NParks engages different groups within the community, such as the young through talks in school and the elderly through presentations and interactions with its staff, the board said.

These are part of the board’s science-based approach to mitigate issues concerning birds that are seen as pests, which also includes habitat modification, as well as culling. Since April 2019, the board has reduced culling operations in relation to such complaints, reported The Straits Times in 2020. 

Culling had been the dominant means of pest bird control but proved ineffective, with complaints about birds increasing by 140 per cent between 2014 and 2020. 

Ms Boopal of Acres said these new, non-lethal measures may result in the reduction of the pigeon population in five years if carried out “intensively”, although the disruption caused by the Covid-19 pandemic may delay its effect.

A Nee Soon Town Council spokesman said: “The reality is, while these approaches have been partially effective, human behaviours such as continued errant feeding and food littering are difficult to eradicate. 

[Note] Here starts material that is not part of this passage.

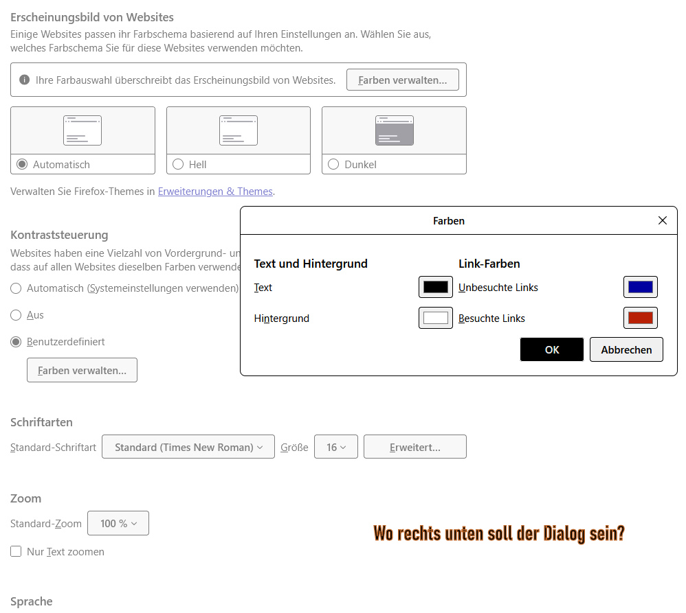 Dass ich keine Häkchen setzen kann, wäre zu verschmerzen. Denn: Wenn ich z.B. Häkchen bei mehreren E-Mails setze, um sie in den Papierkorb zu befördern, dann sind keine Häkchen zu sehen, sie wandern aber in den Papierkorb. Was mich wirklich stört, ist, dass ich beim Verfassen von E-Mails in Web.de Schrift- und Hintergrundfarbe nicht mehr wählen kann. Alles andere, wie Schriftart, Schriftgröße usw. schon. Mir bleibt momentan also nur der Kompromiss: Ich stelle die Schriftfarben im Firefox auf Automatisch und kann meinen E-Mails die gewünschten Farben verpassen, oder ich stelle sie auf Benutzerdefiniert und den Unterschied zwischen aufgerufenen und nicht aufgerufenen Google Seiten farblich so, wie ich es haben möchte. ☮️?

“The problem will not go away by adopting a single approach but mitigated through collective effort with the community.” 

To soften the impact of these birds on the cleanliness of public places, some town councils have stepped up their cleaning efforts, among other measures.

Mr Lim Biow Chuan, MP for Mountbatten SMC, said the town council has installed bird spikes on beams and bird nettings around the Old Airport Road hawker centre, which is located in his constituency.

“These measures are implemented to discourage pigeons from perching in the area, thereby minimising the overall pigeon population,” he said.

“We have also taken steps to enhance cleanliness within the premises. The cleaners have been informed to intensify efforts in clearing and cleaning dishes on return tray racks, to prevent birds from feeding on leftover food.”

In the meantime, those in afflicted areas will have to contend with the problem in the best way they can.

Mr Vetharethinam Vairavanathan, who works at an Indian food stall in the Old Airport Road hawker centre, told ST he has resorted to using a laser pointer at the birds that gather on the rafters of his stall, on parts of the overhead piping at the food centre not lined with spikes. 

“The minute I sit down for my break, they fly in,” the 52-year-old lamented.  “It’s hard to rest.”